Data extracted from a collection:
[Start of Attachment]

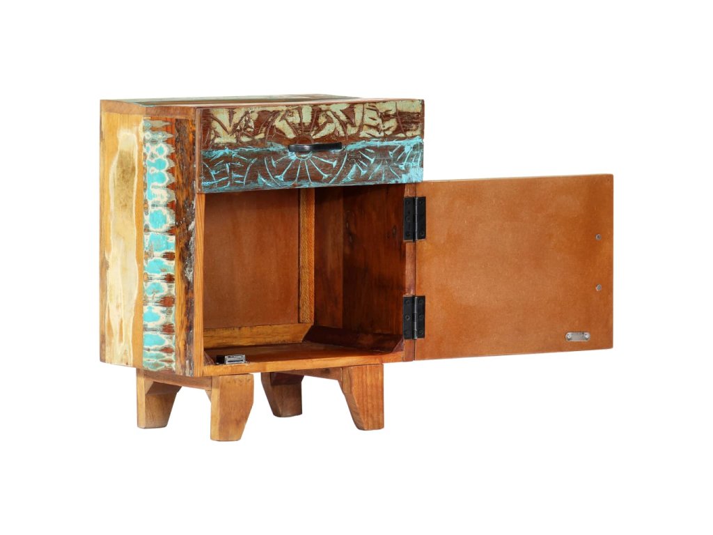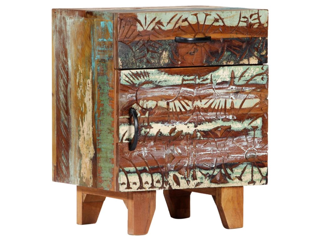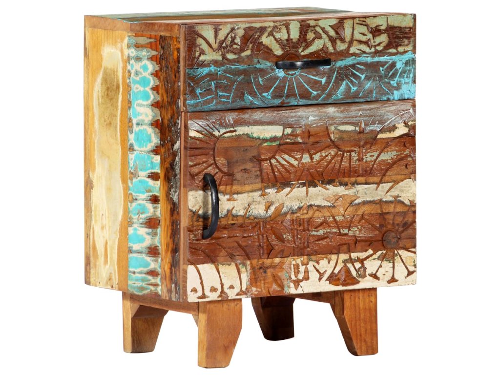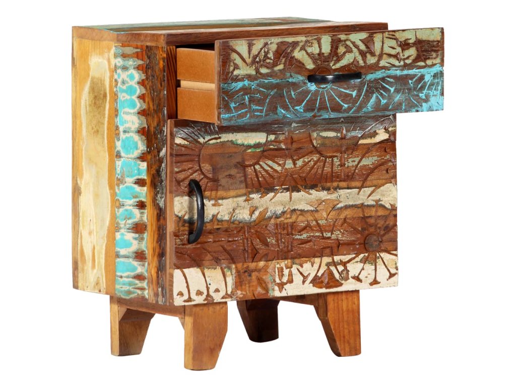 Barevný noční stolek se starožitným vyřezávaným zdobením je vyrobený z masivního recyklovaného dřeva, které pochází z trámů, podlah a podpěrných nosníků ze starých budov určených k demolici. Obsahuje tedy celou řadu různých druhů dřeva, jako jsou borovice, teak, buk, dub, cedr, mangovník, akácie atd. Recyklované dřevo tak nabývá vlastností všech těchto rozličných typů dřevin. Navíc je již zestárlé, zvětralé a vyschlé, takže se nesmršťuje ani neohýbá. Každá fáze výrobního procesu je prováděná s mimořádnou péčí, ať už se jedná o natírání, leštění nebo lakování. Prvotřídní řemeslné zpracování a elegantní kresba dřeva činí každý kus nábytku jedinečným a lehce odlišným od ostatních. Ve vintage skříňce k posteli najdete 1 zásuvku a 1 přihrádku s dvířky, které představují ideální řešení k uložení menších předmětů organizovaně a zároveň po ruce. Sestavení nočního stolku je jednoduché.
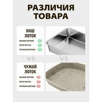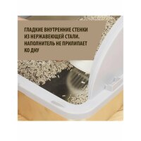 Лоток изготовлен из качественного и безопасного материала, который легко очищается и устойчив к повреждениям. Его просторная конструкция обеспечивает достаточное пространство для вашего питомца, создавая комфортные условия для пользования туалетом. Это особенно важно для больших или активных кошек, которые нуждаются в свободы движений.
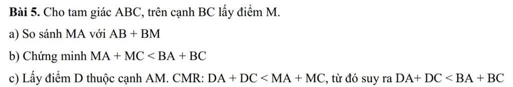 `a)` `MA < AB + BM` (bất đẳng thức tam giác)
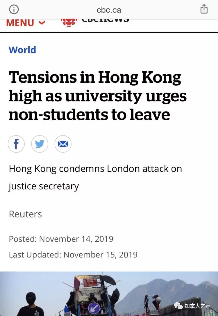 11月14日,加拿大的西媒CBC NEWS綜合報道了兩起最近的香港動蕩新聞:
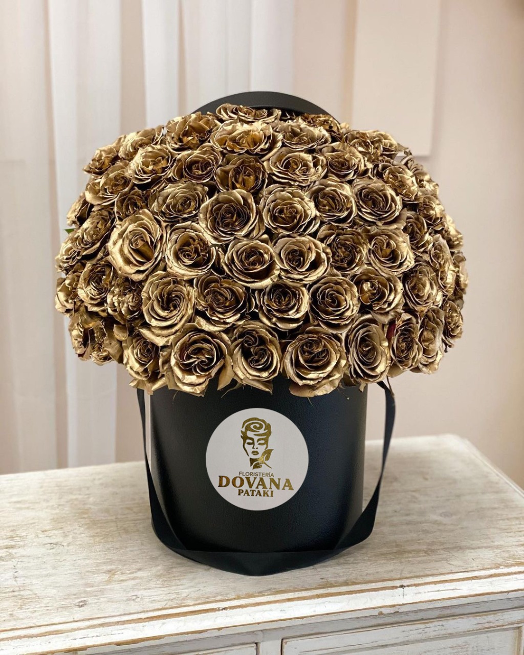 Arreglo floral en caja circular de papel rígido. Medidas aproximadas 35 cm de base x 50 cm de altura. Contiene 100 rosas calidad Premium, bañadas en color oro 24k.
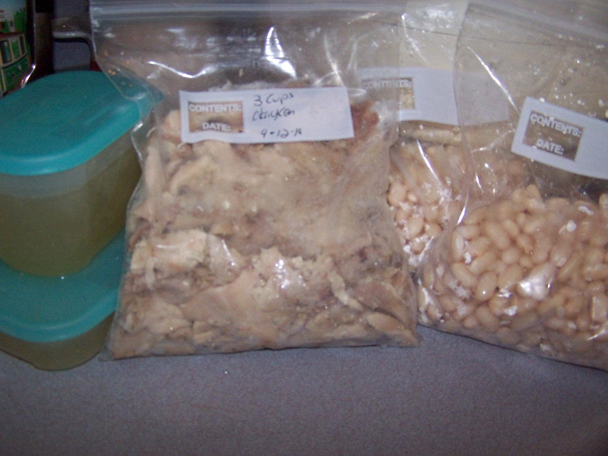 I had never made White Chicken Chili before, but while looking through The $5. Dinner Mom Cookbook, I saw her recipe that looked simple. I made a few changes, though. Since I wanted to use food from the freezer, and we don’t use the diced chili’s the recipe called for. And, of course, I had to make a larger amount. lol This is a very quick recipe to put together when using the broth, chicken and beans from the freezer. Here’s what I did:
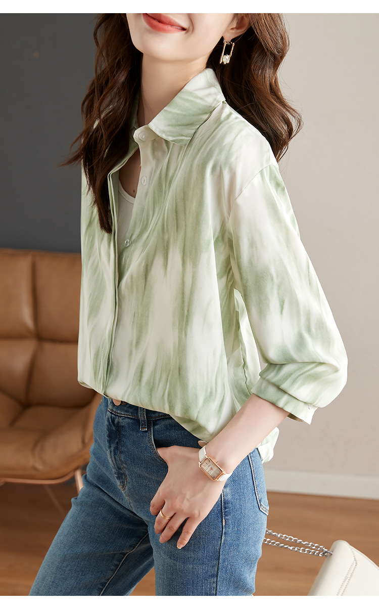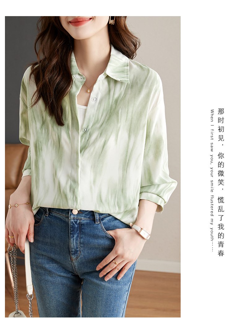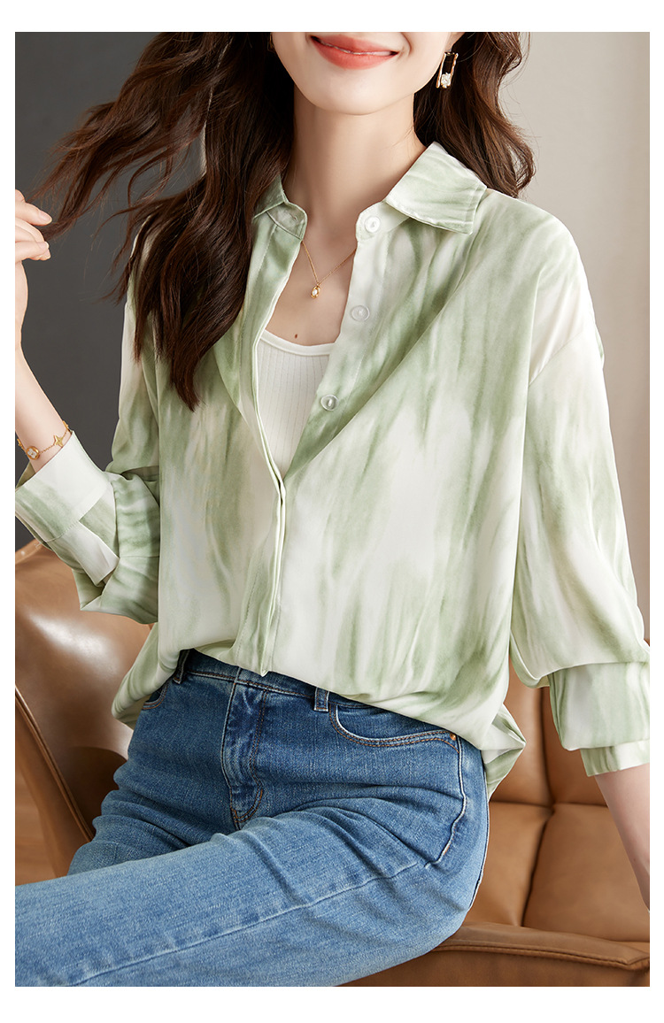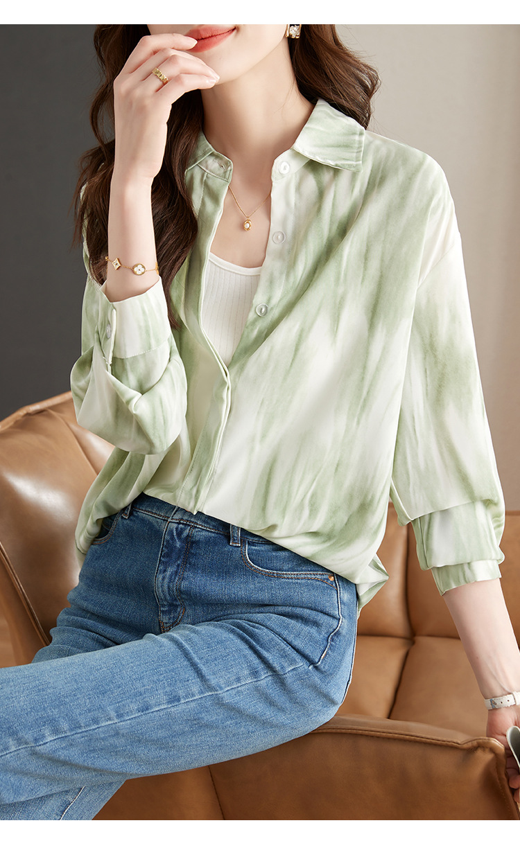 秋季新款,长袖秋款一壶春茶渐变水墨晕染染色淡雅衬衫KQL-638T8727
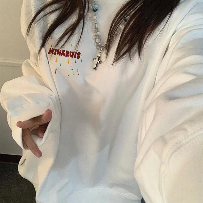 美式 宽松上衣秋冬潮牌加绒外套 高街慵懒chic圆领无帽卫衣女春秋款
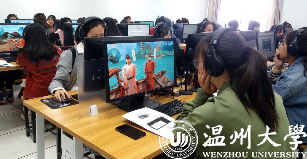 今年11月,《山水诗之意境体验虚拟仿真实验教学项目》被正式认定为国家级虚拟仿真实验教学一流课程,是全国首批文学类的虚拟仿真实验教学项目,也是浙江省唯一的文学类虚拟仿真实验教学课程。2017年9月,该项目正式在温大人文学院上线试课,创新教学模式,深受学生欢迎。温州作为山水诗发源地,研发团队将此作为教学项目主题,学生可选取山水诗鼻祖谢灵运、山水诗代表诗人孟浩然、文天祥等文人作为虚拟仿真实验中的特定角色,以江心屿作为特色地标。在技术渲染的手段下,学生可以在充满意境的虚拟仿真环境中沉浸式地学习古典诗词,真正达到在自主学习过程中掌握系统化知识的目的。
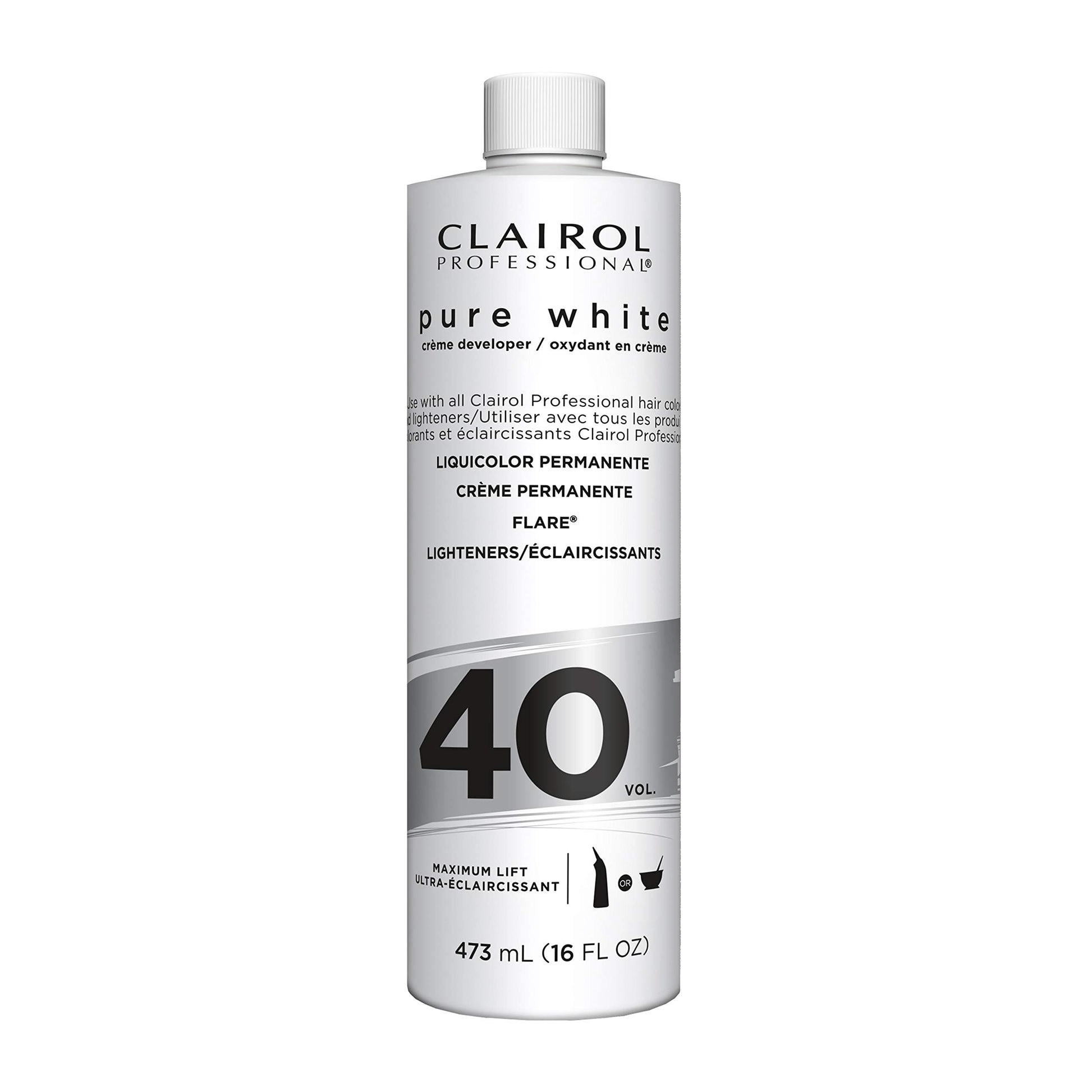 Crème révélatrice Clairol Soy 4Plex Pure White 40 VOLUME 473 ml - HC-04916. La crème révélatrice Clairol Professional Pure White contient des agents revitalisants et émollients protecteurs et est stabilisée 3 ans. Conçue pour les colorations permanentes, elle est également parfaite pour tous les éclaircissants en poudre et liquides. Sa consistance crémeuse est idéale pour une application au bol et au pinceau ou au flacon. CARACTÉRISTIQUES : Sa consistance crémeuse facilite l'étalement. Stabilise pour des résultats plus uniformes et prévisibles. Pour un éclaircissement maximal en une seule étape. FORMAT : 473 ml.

[End of Attachment]

### Task item
Reproduce exactly, and only, the lines that begin at the one containing "I had never" and end with the final line of the data, both included, while omitting every picture.

### Response
 I had never made White Chicken Chili before, but while looking through The $5. Dinner Mom Cookbook, I saw her recipe that looked simple. I made a few changes, though. Since I wanted to use food from the freezer, and we don’t use the diced chili’s the recipe called for. And, of course, I had to make a larger amount. lol This is a very quick recipe to put together when using the broth, chicken and beans from the freezer. Here’s what I did:
 秋季新款,长袖秋款一壶春茶渐变水墨晕染染色淡雅衬衫KQL-638T8727
 美式 宽松上衣秋冬潮牌加绒外套 高街慵懒chic圆领无帽卫衣女春秋款
 今年11月,《山水诗之意境体验虚拟仿真实验教学项目》被正式认定为国家级虚拟仿真实验教学一流课程,是全国首批文学类的虚拟仿真实验教学项目,也是浙江省唯一的文学类虚拟仿真实验教学课程。2017年9月,该项目正式在温大人文学院上线试课,创新教学模式,深受学生欢迎。温州作为山水诗发源地,研发团队将此作为教学项目主题,学生可选取山水诗鼻祖谢灵运、山水诗代表诗人孟浩然、文天祥等文人作为虚拟仿真实验中的特定角色,以江心屿作为特色地标。在技术渲染的手段下,学生可以在充满意境的虚拟仿真环境中沉浸式地学习古典诗词,真正达到在自主学习过程中掌握系统化知识的目的。
 Crème révélatrice Clairol Soy 4Plex Pure White 40 VOLUME 473 ml - HC-04916. La crème révélatrice Clairol Professional Pure White contient des agents revitalisants et émollients protecteurs et est stabilisée 3 ans. Conçue pour les colorations permanentes, elle est également parfaite pour tous les éclaircissants en poudre et liquides. Sa consistance crémeuse est idéale pour une application au bol et au pinceau ou au flacon. CARACTÉRISTIQUES : Sa consistance crémeuse facilite l'étalement. Stabilise pour des résultats plus uniformes et prévisibles. Pour un éclaircissement maximal en une seule étape. FORMAT : 473 ml.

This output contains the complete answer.